Okay I found the specification I had seen in the past days when I was reviewing Scala 3:

https://dotty.epfl.ch/docs/reference/other-new-features/indentation.html

So my memory was correct that the colon is optional in some cases and there are some complex rules about what line endings can trigger an eligible indentation block. This sort of complexity is what I am railing against.

Much simpler would be that indentations always begin at 3 spaces and if the parser detects a block where there shouldn’t be one, then error. Then we do not need all these special cases in the aforelinked specification. Also as an additional benefit line continuations will be enabled, just don’t indent them to a multiple of 3 spaces. Please simplify. The current design is repeating the same mistake made in the past that makes Scala so unnecessarily abstruse. Pick the simpler rule please. It is known as the Keep It Simple Stupid principle (mods please do not blame me as I did not coin the term and it actually doesn’t have derogatory meaning).

@martijnhoekstra, I share your cognitive dissonance that seems to stem from how unintuitive it is for a function to take a block as an input parameter. This is quite strange. And putting long lambdas in curly brace blocks to make them input parameters is also strange. Granted a necessary power user feature, yet still strange. Any newbie is going to stumble on that.
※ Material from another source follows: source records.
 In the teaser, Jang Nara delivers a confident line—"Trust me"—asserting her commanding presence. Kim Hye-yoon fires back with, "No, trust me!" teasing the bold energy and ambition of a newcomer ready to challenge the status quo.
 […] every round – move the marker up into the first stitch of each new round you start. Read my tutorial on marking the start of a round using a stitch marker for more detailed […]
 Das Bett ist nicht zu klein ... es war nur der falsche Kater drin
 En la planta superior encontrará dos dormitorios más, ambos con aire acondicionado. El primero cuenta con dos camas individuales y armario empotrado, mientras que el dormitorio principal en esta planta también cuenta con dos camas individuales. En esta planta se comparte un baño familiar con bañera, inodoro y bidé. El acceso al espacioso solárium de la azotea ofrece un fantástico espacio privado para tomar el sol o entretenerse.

Yet your example is even more weird because it isn’t a lambda. I suppose it is passing a Unit type? It seems to me that Unit types should always be passed as some delimited block, yet for you the colon does not connote a block, because it has a different usage in other programming language contexts you are familiar with. Where in Scala has the colon been used to delimit a name and its definition? I am not familiar with that usage. Or maybe you are referring to a different language?
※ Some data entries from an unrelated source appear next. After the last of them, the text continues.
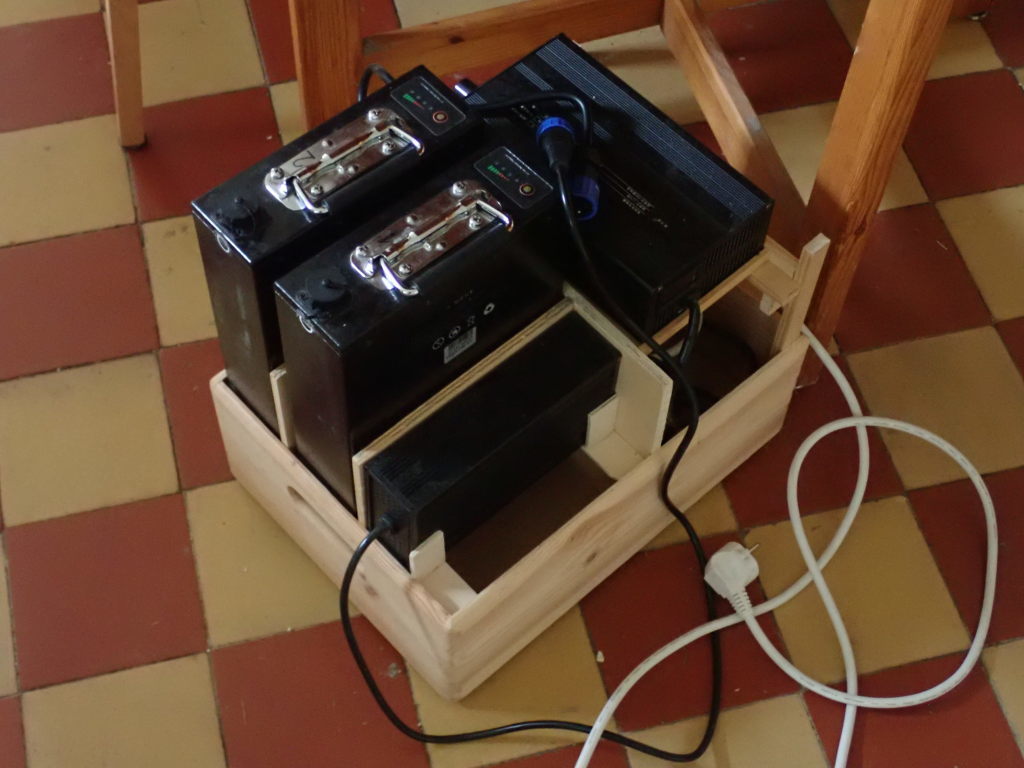 Das musste doch besser gehen! So habe ich aus einer gerade leer herumstehenden Holzkiste, etwas Sperrholz und ein paar Leisten eine Ladekiste gebaut, in der beide Akkus, die beiden Ladegeräte und die zugehörige Steckdosenleiste untergebracht sind. So kann nichts mehr kippen:
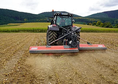 Derzeit umfasst der Fuhrpark von Elmar Löher die MDB-Modelle LV 500 PRO sowie die LV 800, welche auch für anspruchsvolle Forstarbeiten genug Power bietet. Zusätzlich zum Standard-Mulchkopf von DRAGONE besitzt Löher einen Forstmulcher und eine FSI H 52 Stubbenfräse, womit ebenfalls in Steilhanglagen Baumstubben sicher entfernt werden können. Mit einer Anbauschaufel ausgestattet, wird die MDB LV 800 zu einem sicheren Transportmittel für die Materialbergung im Hang. Insgesamt bietet VOGT mehr als 35 verschiedene Anbaugeräte für die Raupen an, die in diversen Gebieten zum Einsatz kommen. MDB-Raupen sind durch ihre spezielle Bauart mit niedrigem Schwerpunkt, breitenverstellbarem Fahrwerk und patentierter Motorölschmierung in Schräglagen bis zu 70 Grad einsetzbar. Diese Hangstabilität wird bei Löhers Forsteinsätzen auch benötigt. Dabei minimieren die großen Aufstandsflächen der Raupenlaufwerke den Bodendruck auf ein vertretbares Maß von etwa 170 g/cm². „Das bodenschonende Arbeiten wird bei unseren stark verdichteten Kulturflächen immer wichtiger“, so Löher. Deshalb sollten beim Mulchen in Steilhängen bodenschonende Maschinen genutzt werden, da sonst immer weniger Oberflächenwasser durch die zu stark verdichteten Böden aufgenommen werden kann.
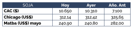 En la tarde de hoy, el valor ofrecido abiertamente por soja disponible se situó en $ 10.650/t condición fábrica, aumentando en $ 50/t con respecto a la sesión anterior, y pudiendo exhibir mejoras. Sin embargo, este aumento de precios no resultó suficiente para estimular un gran nivel de negocios. No se descartan negocios de soja con descarga futura y cobro anticipado.
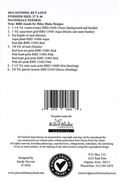 Pieces from My Heart | Nothing but Love | #814 | Table Topper | 37 x 46 | Pattern
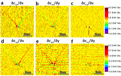 图4、PbTiO3铁电体中通量全闭合畴结构核心处应变梯度分布分析,计算出核心处超大的应变梯度(109/m)
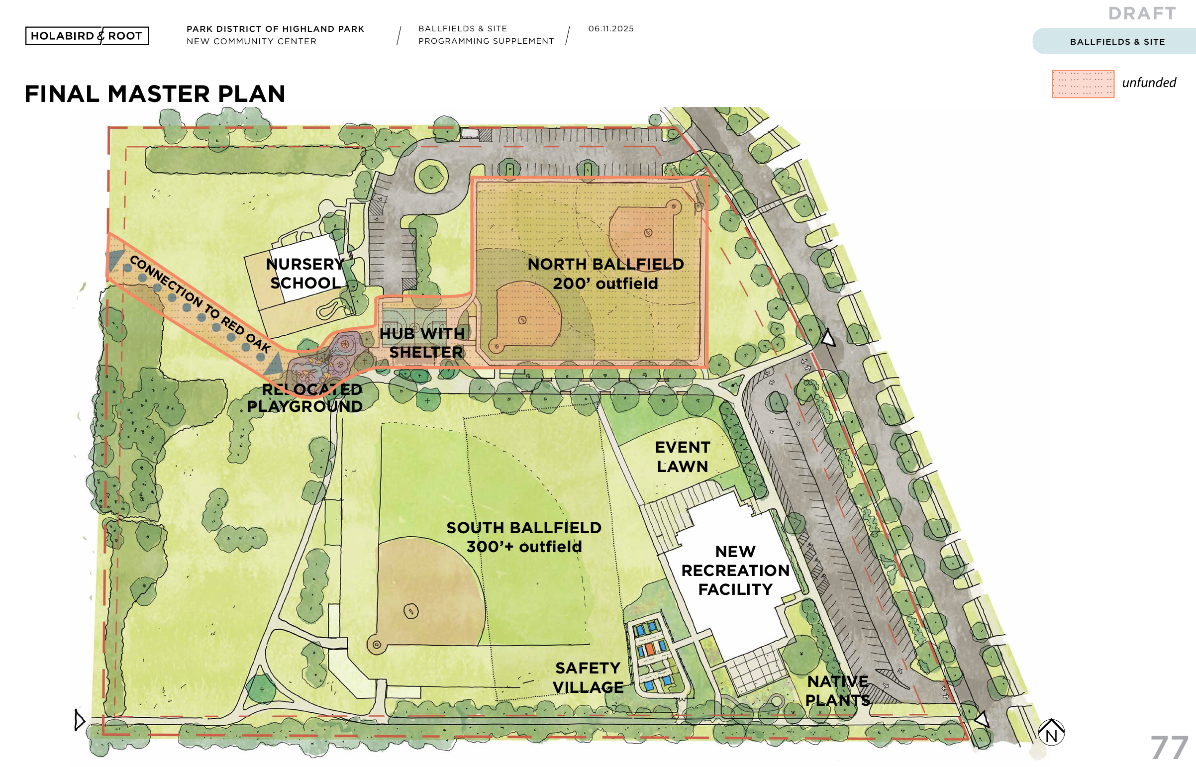 The Park District is concluding the design phase for the building and related site work and is on track to bid and award the construction contract by the end of the year. Design for the athletic fields and park elements will conclude design in 2025.
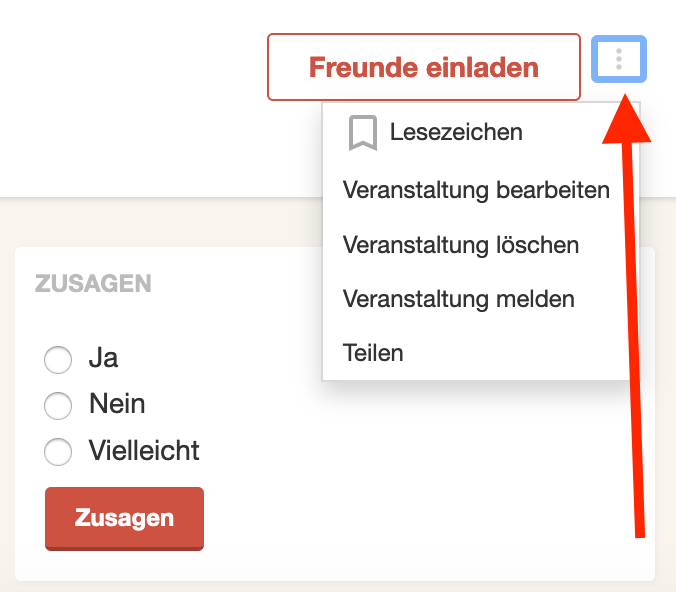 Über das Aktions-Menü direkt rechts neben dem Button "Freunde einladen" (gekennzeichnet durch 3 Punkte) kann die Veranstaltung editiert oder auch komplett gelöscht (alle Teilnehmer werden entfernt) werden.

So the attempt to make it more natural by putting the parameter list of the lambda and arrow on the same line as the function makes the block body that follows somewhat more intuitive but it is a special case that has inconsistencies such as the single line case requires parentheses because the parser can’t easily distinguish it and the multiple parameter list function (which Odersky argues is non-idiomatic code, at least with the arrival of Scala 3, although others disagreed) seems to have no indented style that isn’t fugly and non-intuitive. And the non-lambda Unit block as a function parameter are a different case.

My thought is that Unit parameters are power user material. Maybe they should remain curly braces? To make it very explicit that they are blocks. Passing Unit to a function is very weird to someone who is new to Scala. Maybe we should explicitly call that out to the newbies who are adopting the braceless style.

If you adopt my suggestion for hardcoding the indent for braceless blocks then you do not need the prefixed colon for lambdas, as either you will have a line continuation or an indented block defined by the next line’s indentation. Single-line lambdas (and I suppose maybe also line continuations?) require parentheses presumably as they always did?

Multiple parameter lists (and I guess actually any comma-delimited parameter list) taking a block lambda or Unit block as any but the last parameter should be required to take curly braces which would accomplish both Odersky’s objective to discourage them (the multiple parameter lists) as much as possible and address the complaints of others about how unreadable they are otherwise in convoluted braceless styles?

EDIT: comma (or colon) delimited braceless blocks are also fugly, hard-to-read and shouldn’t be allowed? Tl;dr Unit parameter blocks are always curly braced. Lambda (and counterparts) braceless blocks allowed but only as the last parameter, otherwise must be curly braced.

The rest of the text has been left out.